» WHAT TO PRODUCE
Character for character, transcribe the entries below, minus the images.

╔══

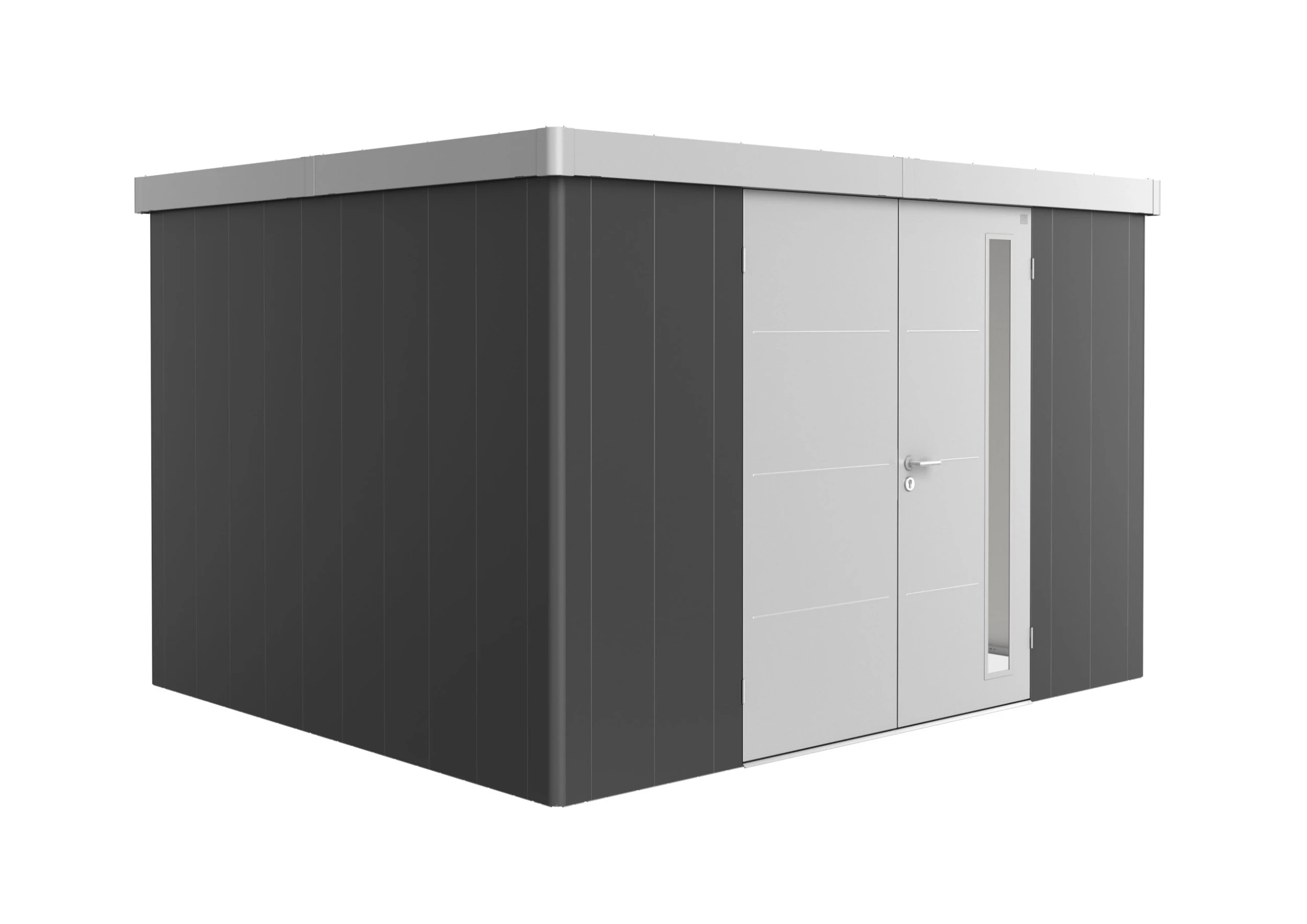 - Farbe: Wandfarbe: dunkelgrau-metallic, Tür- und Dachfarbe: silber-metallic
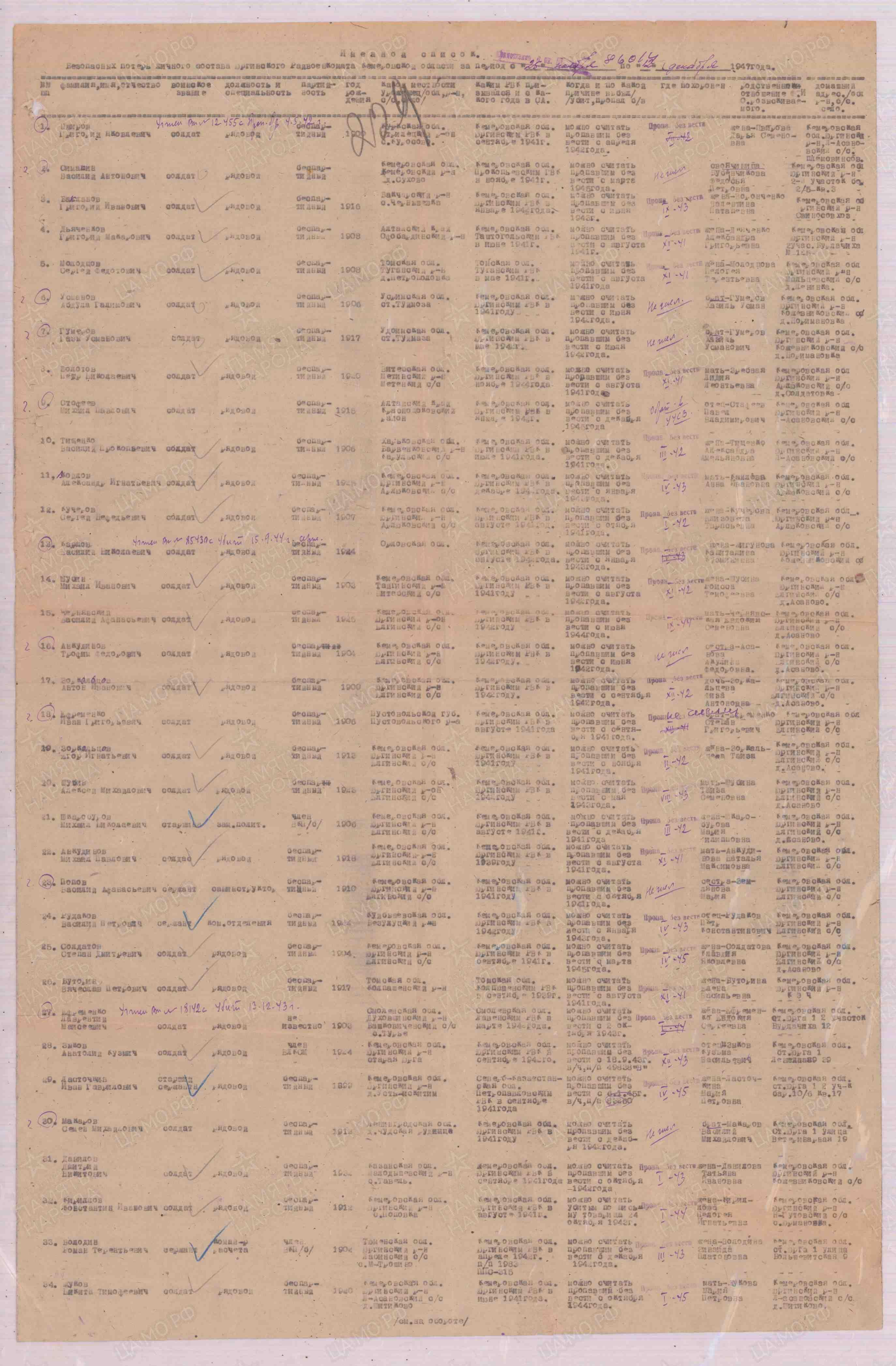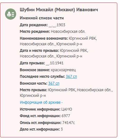 | Призван РВК | Юргинский РВК, Кемеровская обл. |
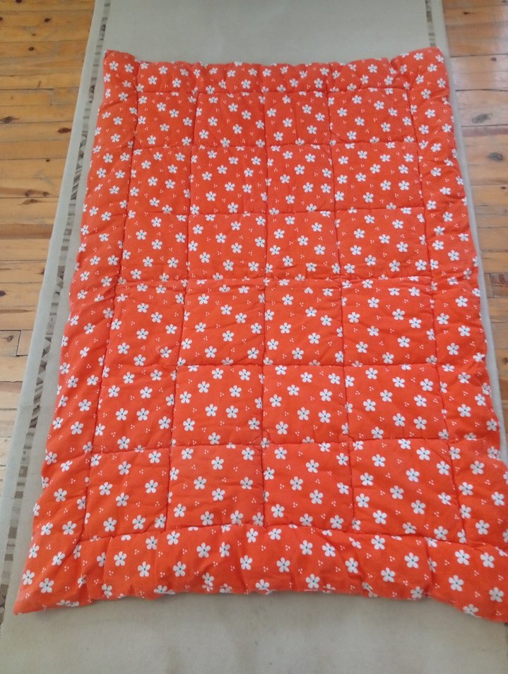Yumuşak sentetik kumaştan yapılmış, turuncu zemin üzerinde beyaz çiçek desenleri bulunan renkli çocuk yorganı
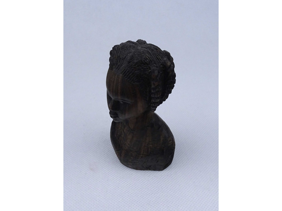 Afrikai egzotikus keményfa fafaragás fiatal női mellszobor 11 cm
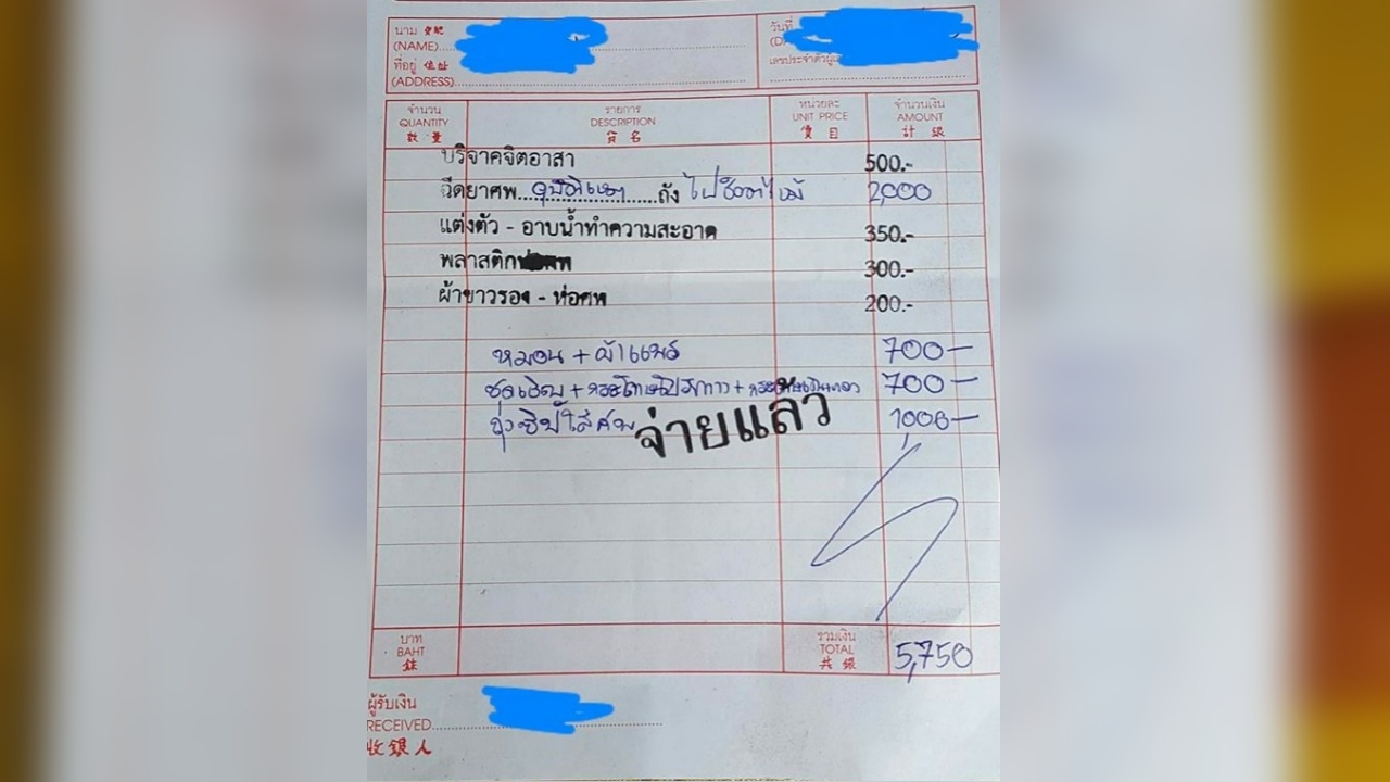 พร้อมกับโพสต์ภาพใบเสร็จค่าทำศพของโรงพยาบาลแห่งหนึ่ง ที่ญาติผู้เสียชีวิตต้องจ่ายเป็นจำนวนเงิน 5,750 บาท โดยแบ่งเป็นค่าบริจาคจิตอาสา 500 บาท ฉีดยาศพ 2,000 บาท แต่งตัว-อาบน้ำทำความสะอาด 350 บาท พลาสติกห่อศพ 300 บาท ผ้าขาวรอง-ห่อศพ 200 บาท
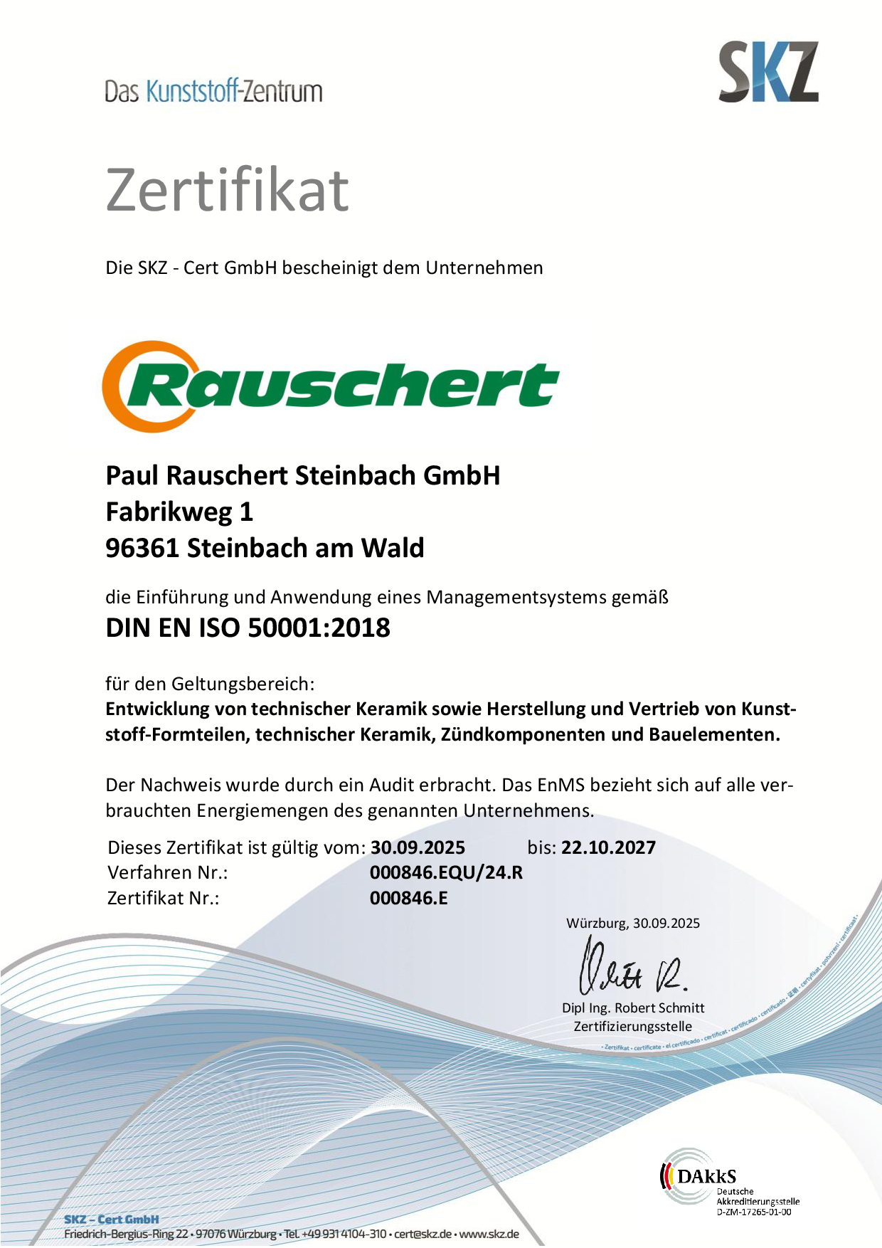 Aus diesem Grund ist Rauschert seit 2012 an seinen deutschen Standorten nach DIN EN ISO 50001 zertifiziert.

╚══

» RESULT OF THIS EXERCISE
 - Farbe: Wandfarbe: dunkelgrau-metallic, Tür- und Dachfarbe: silber-metallic
 | Призван РВК | Юргинский РВК, Кемеровская обл. |
Yumuşak sentetik kumaştan yapılmış, turuncu zemin üzerinde beyaz çiçek desenleri bulunan renkli çocuk yorganı
 Afrikai egzotikus keményfa fafaragás fiatal női mellszobor 11 cm
 พร้อมกับโพสต์ภาพใบเสร็จค่าทำศพของโรงพยาบาลแห่งหนึ่ง ที่ญาติผู้เสียชีวิตต้องจ่ายเป็นจำนวนเงิน 5,750 บาท โดยแบ่งเป็นค่าบริจาคจิตอาสา 500 บาท ฉีดยาศพ 2,000 บาท แต่งตัว-อาบน้ำทำความสะอาด 350 บาท พลาสติกห่อศพ 300 บาท ผ้าขาวรอง-ห่อศพ 200 บาท
 Aus diesem Grund ist Rauschert seit 2012 an seinen deutschen Standorten nach DIN EN ISO 50001 zertifiziert.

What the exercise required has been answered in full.